TASK INSTRUCTIONS.
Could you transcribe exactly the lines below, from the line with "Малевичъ Набор спиртовых" through the line with "Như phương án", and nothing else, leaving out the pictures?

PROVIDED DATA.
*** Block opens ***

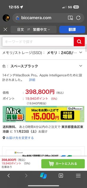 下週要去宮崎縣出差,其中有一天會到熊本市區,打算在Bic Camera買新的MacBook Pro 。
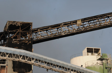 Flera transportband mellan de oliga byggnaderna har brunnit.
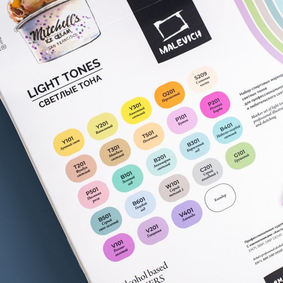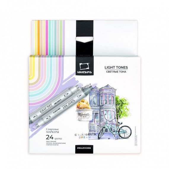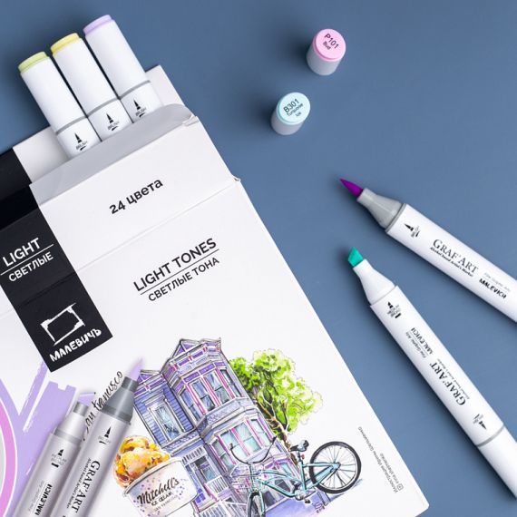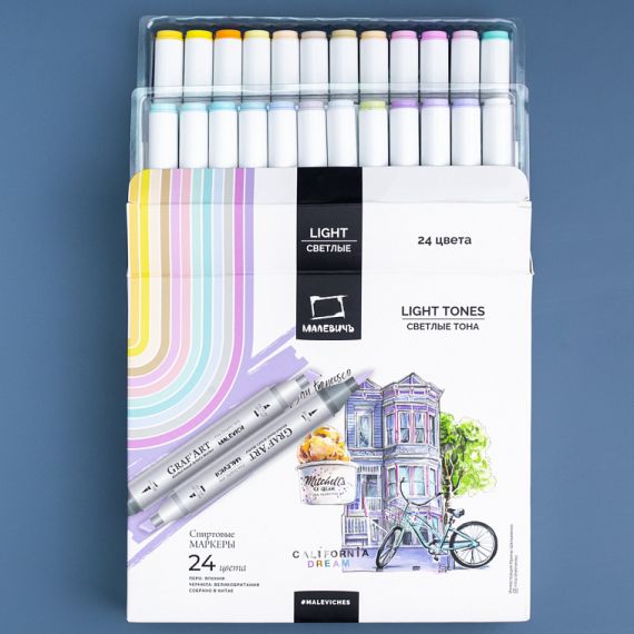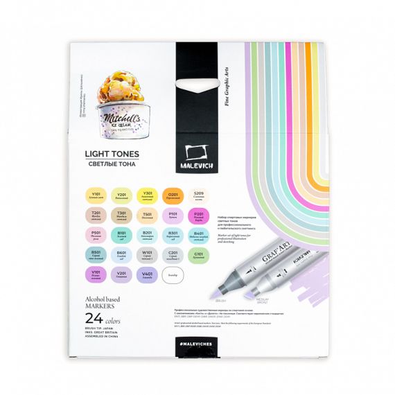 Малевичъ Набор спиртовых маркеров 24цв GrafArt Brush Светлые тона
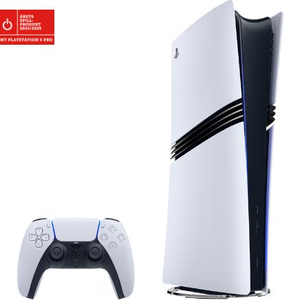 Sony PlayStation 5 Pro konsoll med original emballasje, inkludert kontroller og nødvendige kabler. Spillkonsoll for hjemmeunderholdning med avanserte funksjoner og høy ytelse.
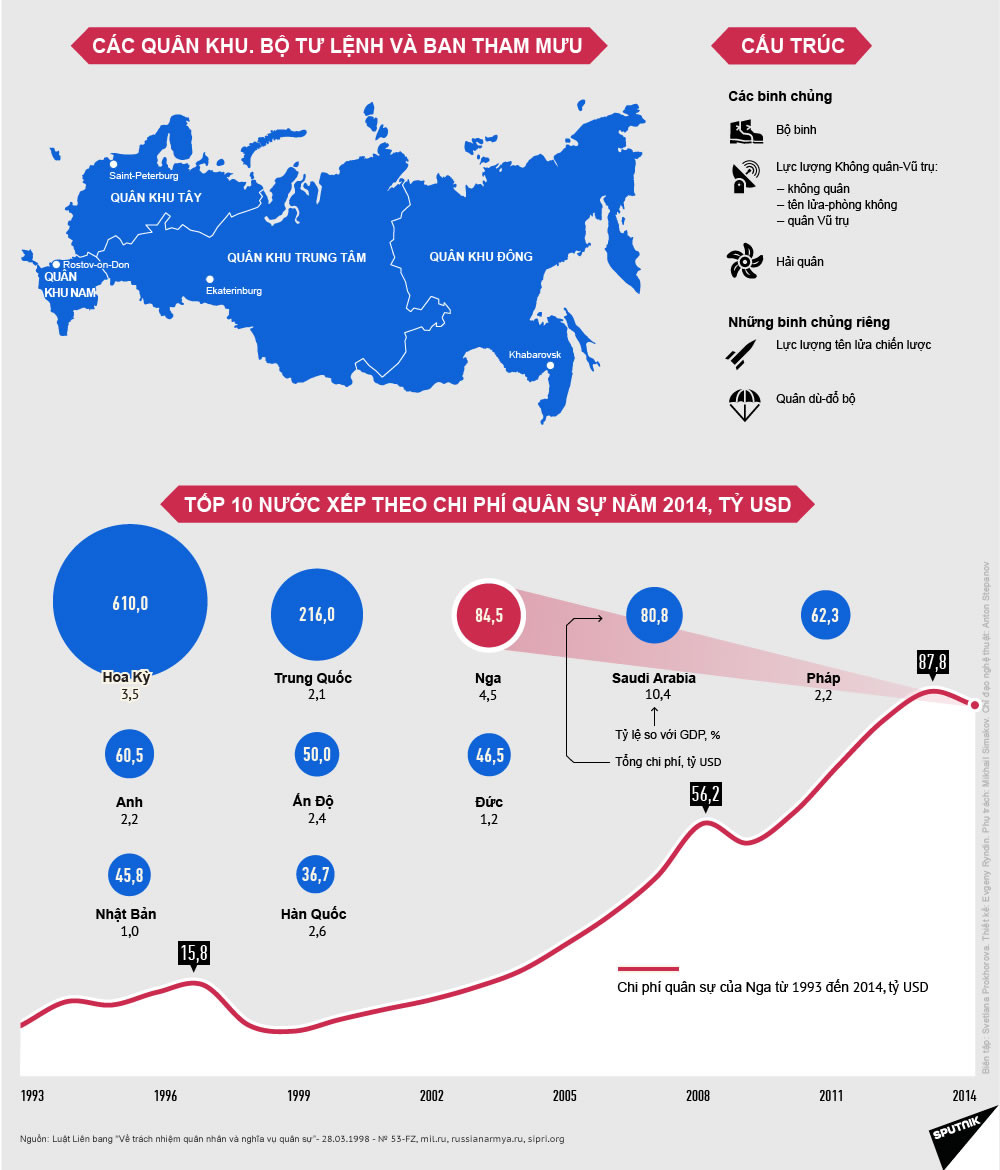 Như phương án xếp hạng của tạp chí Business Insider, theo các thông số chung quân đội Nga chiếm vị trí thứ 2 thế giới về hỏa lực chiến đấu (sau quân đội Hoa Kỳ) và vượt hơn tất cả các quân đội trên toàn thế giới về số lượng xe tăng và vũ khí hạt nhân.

*** Block closes ***
*** Block opens ***

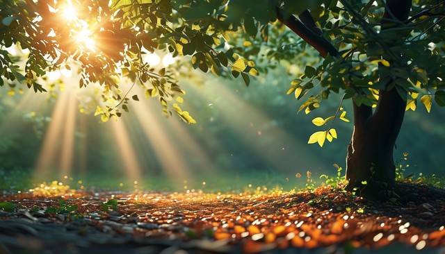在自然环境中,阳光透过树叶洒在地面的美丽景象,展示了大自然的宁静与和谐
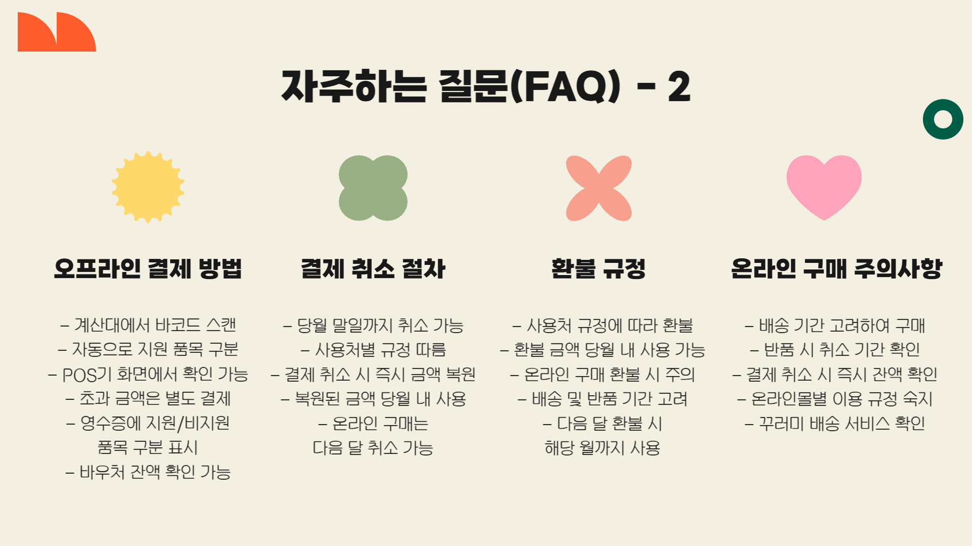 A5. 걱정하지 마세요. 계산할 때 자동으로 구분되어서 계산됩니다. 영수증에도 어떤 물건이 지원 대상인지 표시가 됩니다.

*** Block closes ***
*** Block opens ***

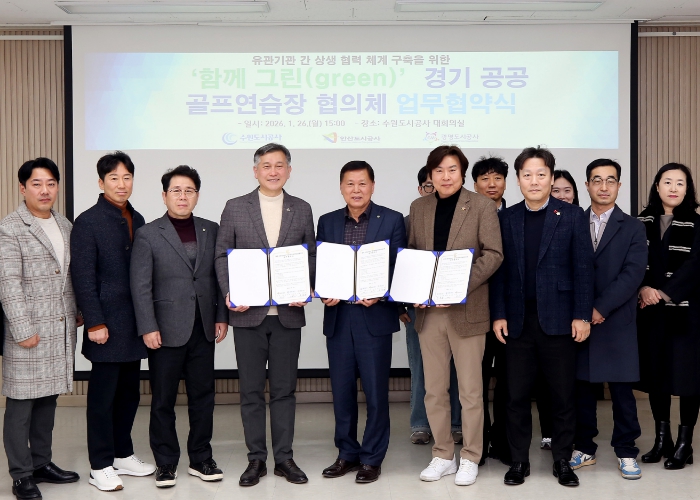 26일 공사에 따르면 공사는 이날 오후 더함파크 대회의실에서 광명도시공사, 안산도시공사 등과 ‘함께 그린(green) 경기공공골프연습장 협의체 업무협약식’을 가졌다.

*** Block closes ***

RESPONSE TO THE EXERCISE.
 Малевичъ Набор спиртовых маркеров 24цв GrafArt Brush Светлые тона
 Sony PlayStation 5 Pro konsoll med original emballasje, inkludert kontroller og nødvendige kabler. Spillkonsoll for hjemmeunderholdning med avanserte funksjoner og høy ytelse.
 Như phương án xếp hạng của tạp chí Business Insider, theo các thông số chung quân đội Nga chiếm vị trí thứ 2 thế giới về hỏa lực chiến đấu (sau quân đội Hoa Kỳ) và vượt hơn tất cả các quân đội trên toàn thế giới về số lượng xe tăng và vũ khí hạt nhân.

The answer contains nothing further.